Auf den Punkt

Comet Gain: Radio Sessions

Das Schöne an der Erbsündenlehre ist, dass man seine Unschuld eigentlich gar nicht verlieren kann. Biografisch sieht das natürlich anders aus, heißt da indes Ernüchterung und ist ein lebenslanger Prozess. Dazu gilt es, Haltung zu finden. Bewegung ist eh genug drin, bis der letzte Würfel fällt. Comet Gain mit ihrem bezaubernden Garage Pop sind der illusionslos idealistische Anwendungsfall: „A record changed my life“, singt Mastermind David Fleck in Tighten Up. In diese Kerbe hauen sie auch. Nach den 15 Songs der BBC-Sessions am Stück hat man es längst zu glauben begonnen und ist bekehrungsoffen.

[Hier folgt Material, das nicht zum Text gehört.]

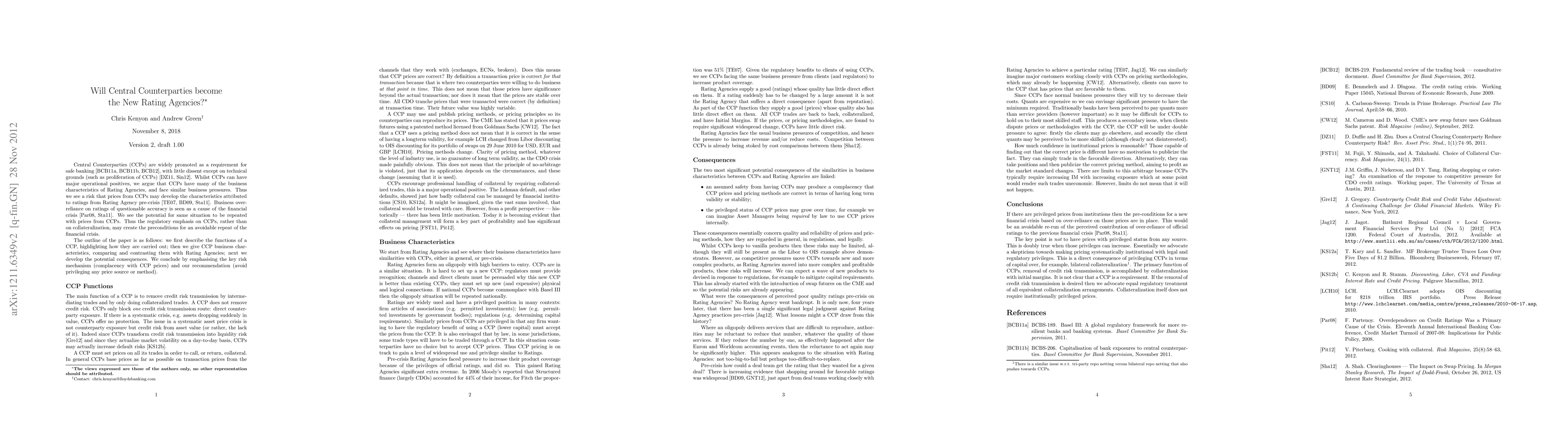 Central Counterparties (CCPs) are widely promoted as a requirement for safe banking with little dissent except on technical grounds (such as proliferation of CCPs). Whilst CCPs can have major operational positives, we argue that CCPs have many of the business characteristics of Rating Agencies, and face similar business pressures. Thus we see a risk that prices from CCPs may develop the characteristics attributed to ratings from Rating Agency pre-crisis. Business over-reliance on ratings of questionable accuracy is seen as a cause of the financial crisis. We see the potential for same situation to be repeated with prices from CCPs. Thus the regulatory emphasis on CCPs, rather than on collateralization, may create the preconditions for an avoidable repeat of the financial crisis.

Comet Gain seien eine der meist unterschätzten UK-Indiebands, befand mal ein Kollege. Von Erfolg unbehelligt haben sie sich seit 1992 mit wechselnden Besetzungen Kultstatus erspielt. After Midnite, after it’s all gone wrong („After I‘m gone, after I’m gone / Don’t forsake the memory ache / It‘s just the memory ache“) darf als emblematisch gelten: Hier tanzt der Bär, zwar ohne Honig, jedoch unverdrossen. Bis zur Neige geschlürfter Postpunk, Northern Soul und Faible für Swell Maps und Orange Juice sind die Inspirationen für ihre Credo-Sätze wie „believe in art / believe in yourself / contradict yourself“ oder „Dreams never end“. Traurigkeit ist bloß ein Kollateralschaden – wie im richtigen Leben –, aber schlägt nie auf die Stimmung. Die ist ausgelassen, von der SciFi-Gitarrenabfahrt Working Circle Explosive! mit augenzwinkernden Soli, herrlichen Keyboard-Akzenten und taffer Frauenstimme, Shout-Beatnik-Punk (Chain Smoking) und Lounge-Psychedelic (I can’t believe) bis hin zu der souligen, Sixties-getauften Girlpop-Ballade Emotion Pictures: „He fell in love with the girl of the tragedy“ – da ist es zum „broken angel“ nicht weit. Getragen schmachtend, aber doch sehr erwachsene, weil sinistre Abrechnung mit Movie-Beziehungskonzepten. Sie haben es faustdick, meinen es nie böse, sie sind bloß lebensfroh. Ruppig folgt darauf Tighten Up. Fleck deklamiert („I’m nobody but myself“), verzerrte Gitarren sind von der Kette, und das Key pumpt orgelig zum HuHu-Chorgesang. Das folgende Young Lions hat ähnlich viel Punch. Diese drei waren 2008 bereits auf ihrer Compilation Broken Record Prayers enthalten und stammen von der dritten John-Peel-Session 1997. 1996 lud er sie zweimal ein, Marc Riley dann 2011. Sessions, mit denen das Hamburger Tapete-Label erneut gutes Händchen beweist (siehe zz 8/2023).

Wer Comet Gain noch nicht kannte, mag sie nun nicht mehr missen, auch wegen der begeisternden Lust am Detail. Es passiert viel, aber immer auf den Punkt, nie überladen. Wer in Stripped etwa vom mädchenhaften Gesang eingelullt beim Anziehen der Gitarre die Eruption erwartet, wird stattdessen vom einsetzenden Dub-Bass aufs Feinste in die Arme genommen. Sie seien „chaotisch, süß und angetrunken“, urteilt liebevoll ein Ex-Mitstreiter. Das ist schön gesagt. Und gültig.